Geese hit the engines by sheer luck. A cloud of small drones blanketing the departure path might get a large jet but one drone in the constantly varying flight path is not going to happen.
The drone operator would have to know the numbers for each model aircraft, TO weight, effect of wind, temp, field elevation, pressure...and then would have to be able to control the drone so as to have it in the exact spot required....
It would be easier to put 200 drones in the departure corridor and destroy more than one engine.
“The drone operator would have to know the numbers for each model aircraft, TO weight, effect of wind, temp, field elevation, pressure...and then would have to be able to control the drone so as to have it in the exact spot required....”
True, and entirely within the capacity of, for example, the planners of 9-11.
I would expect a terrorist to focus on one and only one high value airframe for a particular attack plan (a particular 747-200B comes to mind, to start with, but that would be a “hard target”).
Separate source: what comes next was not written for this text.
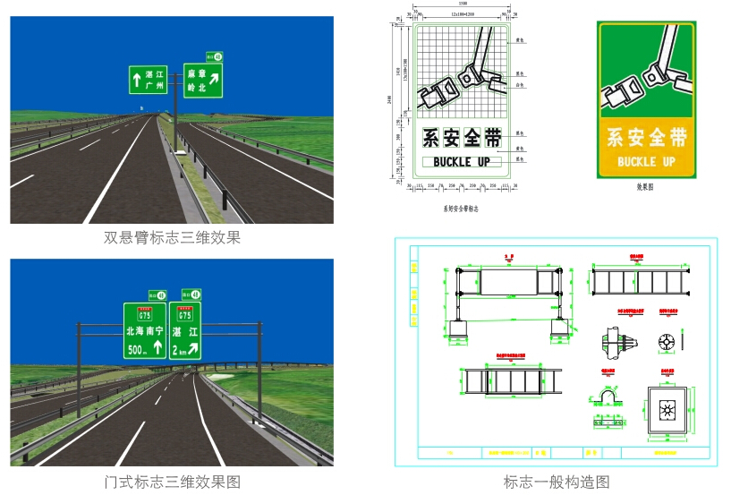 对于项目全线的标志布设,系统可一次性批量快速添加同类型标志,并可批量导入excel数据格式各类标志,可将已完成标志存为模板直接调用,可在不同标志间快速交换结构参数,极大地提高了设计效率。可自动输出标志安装图、结构图、平面布设图、版面大样图以及标志一览表、工程数量表等。
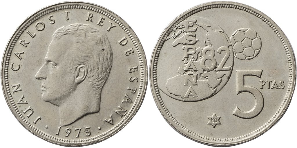 JUAN CARLOS I. 5 Pesetas. Cu/Ni. 5,72 gr. 1875 * 80. Madrid. AC-40. Error del Mundial. Escasa. S/C-.

Multiple attack variables could be programed into the control station of the drone and at the last minute the variables for a particular airframe could be sent to the drone.
If a person reads down the whole blog and goes to the supporting links and videos, I think this kind of attack will be seen as more feasible.
The FBI and an NTSB investigator certainly thought making such an attack in the air in three dimensions miles from the airport in a Landing Approach Kill Zone (LAKZ...blog pending) as can be seen at the bottom of my opening comment to JR.
Yep. The only way I see a drone operator hitting an engine of a 747 is with visual guidance and with some luck still. Doable but there are far more effective and less risky means to harm airplanes in Afghanistan.